## DIRECTIONS FOR THIS TASK
Go to the line holding "Classic BLK DNM" in the data below. Return it and each line after it through the last, exactly, and skip the pictures.

------ MATERIALS PROVIDED

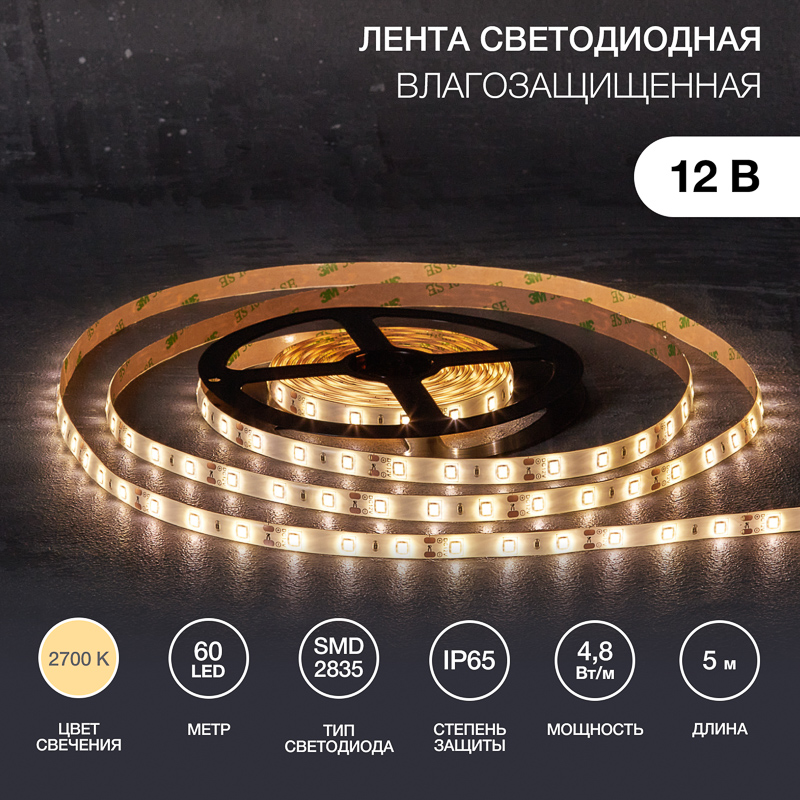 Лента светодиодная 5 м 12 В 2835 2700 К IP65 60 LED/м для БП с клеммами LAMPER 141-2016 REXANT
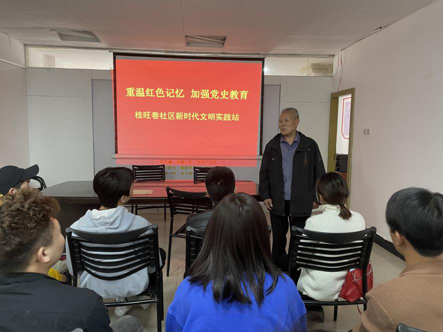 支部同志来到桂旺巷社区党员工作站,一位党龄55年的老党员带来了一场别开生面且印象深刻的党课。他谈到:“我曾经是一名工程兵,当时就是想着,无论情况多么危险,我都要冲在前面,入党动机很单纯。现在作为青年老员工的你们,要坚守自己的初心,坚持中国共产党的领导,对党忠诚,把坚定的理想信念落实到实际行动中”。
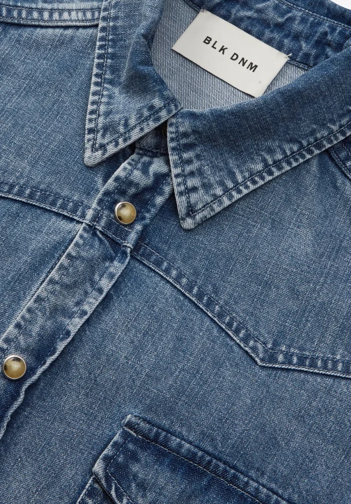 Classic BLK DNM western shirt with 70s inspired collar. MORE DETAILS - 100% Organic Cotton - Classic fit - Center front closure with western press buttons - Two chest pockets - 70s inspired Collar - Three press button sleeve cuffs
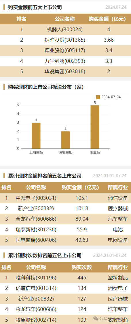 2024年07月24日,上市公司购买理财金额20.36亿元,共10家上市公司,理财产品43个。
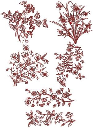 This set of machine embroidery designs is part of our Redwork Flowers collection. It uses the Redwork technique. The designs is available for the Large hoop (5" x 7") and Mega hoop (6" x 10").
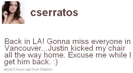 "De vuelta en LA! Añorare a todos en Vancouver ... Justin pateó la silla durante todo el vuelo. Disculpenme un momento se lo regresare :)"
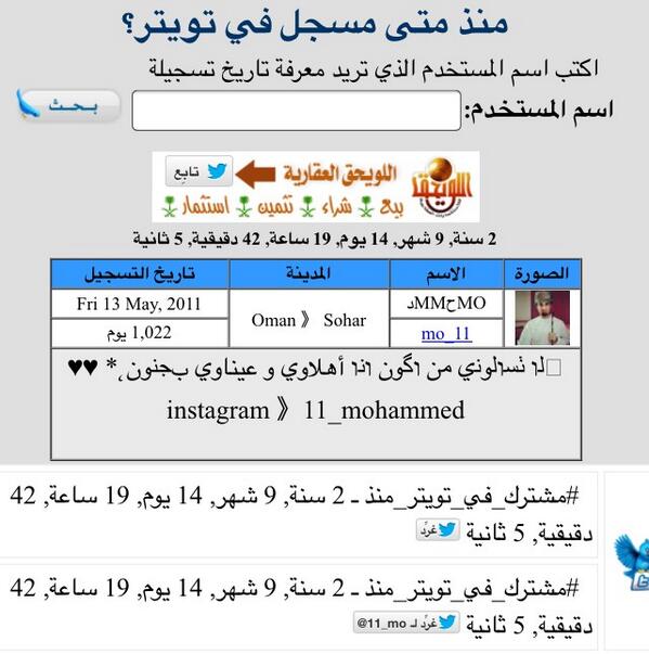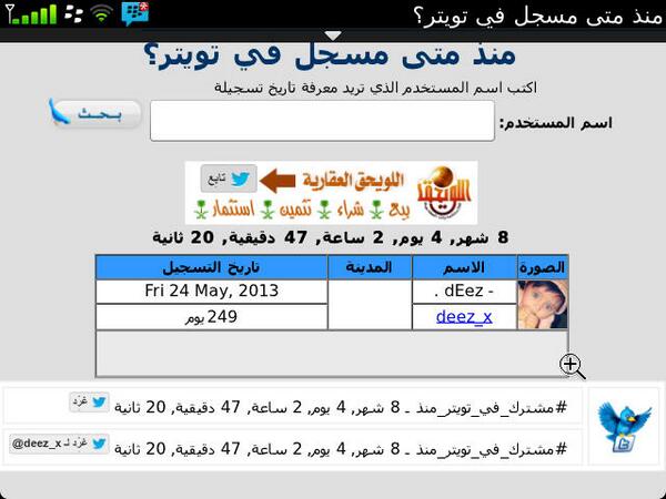 موقع عربى لمعرفة عمر اى حساب على تويتر بالثانية والدقيقة والساعة
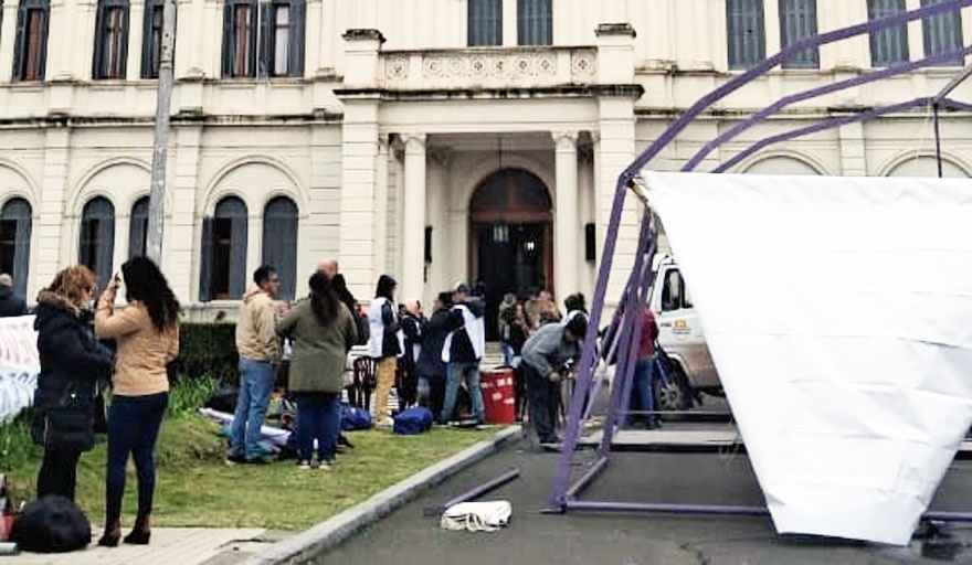 El Sindicato de Empleados de la Obra Social de la Provincia de Entre Ríos (SEOSPER) acompaña la instalación de la carpa y la vigilia frente a la Casa de Gobierno, en Paraná, como parte de sus acciones gremiales en defensa del IOSPER.
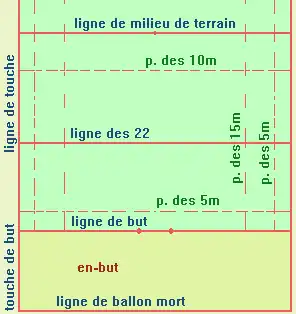 Les lignes de touche d'un terrain de rugby sont considérées comme ne faisant pas partie de l'aire de jeu. Ainsi, lorsqu'un joueur marche sur une de ces lignes, il est en touche. À l'inverse, la ligne de but fait partie de l'en-but (tout comme les poteaux), ce qui permet à un joueur aplatissant le ballon sur cette ligne de valider un essai. Enfin, la ligne de ballon mort ne fait pas partie du terrain et aucun essai ne peut être marqué si le ballon est aplati sur cette ligne.
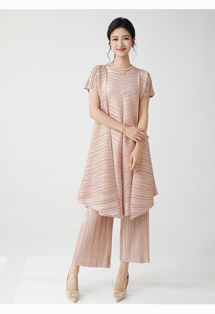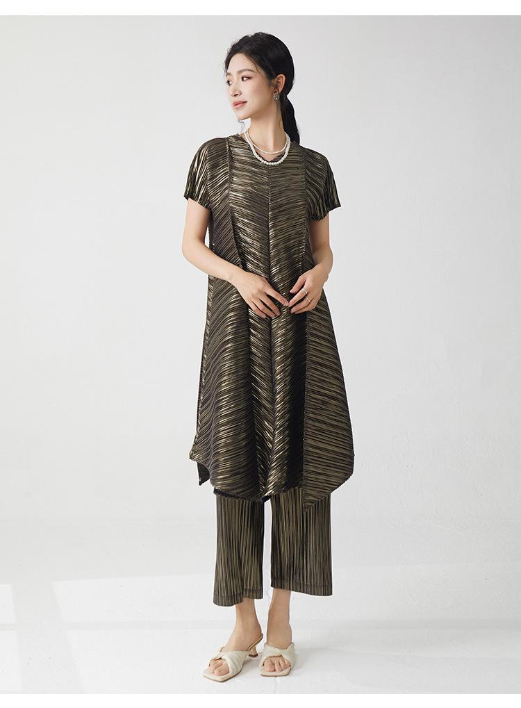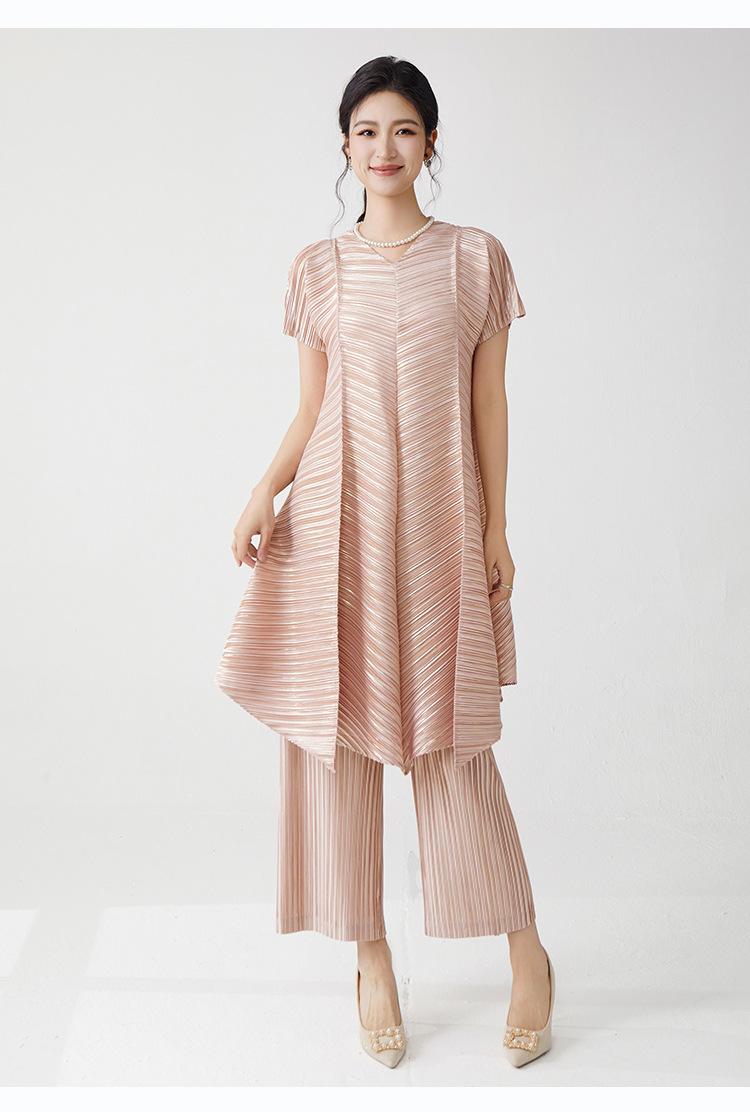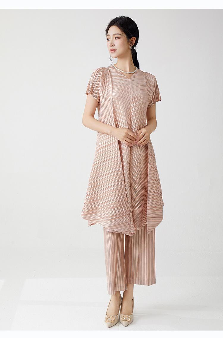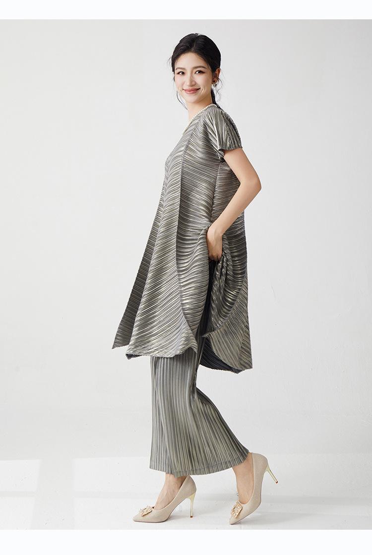 Traje de temperamento Miyake transfronterizo para mujer, falda de alta gama, vestido irregular, pantalones rectos, talla grande, conjunto de dos piezas de moda

------------

## SOLVED PROBLEM
 Classic BLK DNM western shirt with 70s inspired collar. MORE DETAILS - 100% Organic Cotton - Classic fit - Center front closure with western press buttons - Two chest pockets - 70s inspired Collar - Three press button sleeve cuffs
 2024年07月24日,上市公司购买理财金额20.36亿元,共10家上市公司,理财产品43个。
 This set of machine embroidery designs is part of our Redwork Flowers collection. It uses the Redwork technique. The designs is available for the Large hoop (5" x 7") and Mega hoop (6" x 10").
 "De vuelta en LA! Añorare a todos en Vancouver ... Justin pateó la silla durante todo el vuelo. Disculpenme un momento se lo regresare :)"
 موقع عربى لمعرفة عمر اى حساب على تويتر بالثانية والدقيقة والساعة
 El Sindicato de Empleados de la Obra Social de la Provincia de Entre Ríos (SEOSPER) acompaña la instalación de la carpa y la vigilia frente a la Casa de Gobierno, en Paraná, como parte de sus acciones gremiales en defensa del IOSPER.
 Les lignes de touche d'un terrain de rugby sont considérées comme ne faisant pas partie de l'aire de jeu. Ainsi, lorsqu'un joueur marche sur une de ces lignes, il est en touche. À l'inverse, la ligne de but fait partie de l'en-but (tout comme les poteaux), ce qui permet à un joueur aplatissant le ballon sur cette ligne de valider un essai. Enfin, la ligne de ballon mort ne fait pas partie du terrain et aucun essai ne peut être marqué si le ballon est aplati sur cette ligne.
 Traje de temperamento Miyake transfronterizo para mujer, falda de alta gama, vestido irregular, pantalones rectos, talla grande, conjunto de dos piezas de moda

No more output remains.